Washington (GGM) Analysis
NoreenProfilePicHillReport-75 by Noreen Wise

With the advent of the global circular economy movement, it soon becomes clear just how many everyday items can’t be recycled. It’s quite alarming. We’ll never reach zero waste unless we find innovative solutions to meet this imperative.

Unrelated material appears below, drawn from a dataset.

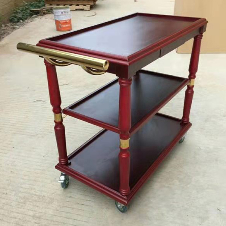 Snackcar mobile trolley mobile three-story service car mobile solid wooden cart fast breakfast breakfast multi-function dining car
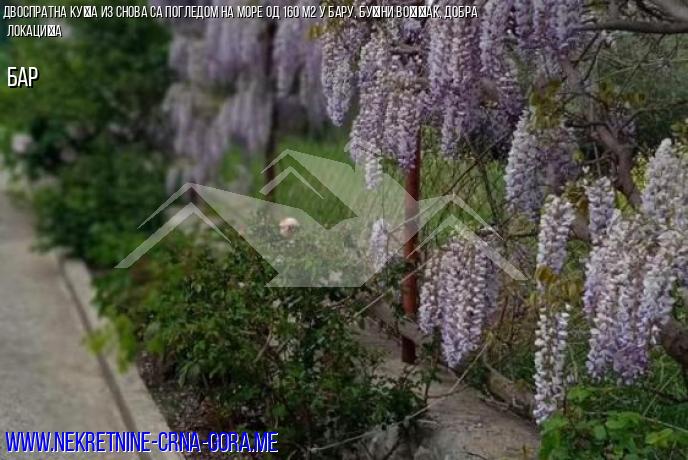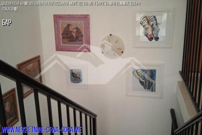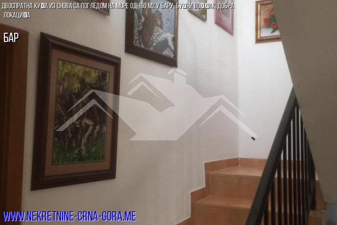 На продају је двоспратна кућа у бару са 3 спаваће собе. Поглед на море, град и планине.

Take plastic, for example. The following plastic packaging/ additional items cannot be recycled:

  • plastic single use shopping bags
  • straws
  • plastic film wrap
  • frozen food bags (nearly all vegetables are sold in non-recyclable bags)
  • cereal box liner
  • chip bags
  • granola bar, candy bar and nearly all snack items wrappers
  • six-pack rings
  • plastic hangers
  • any plastic containers that can’t be cleaned, ie toothpaste tubes

Back before I was aware that these particular pieces couldn’t be recycled, it was exciting to end the month with an empty kitchen garbage bin. But now that I’m in the know, and I see the waste stack up, I feel maximum frustration. We have to stop, focus and fix.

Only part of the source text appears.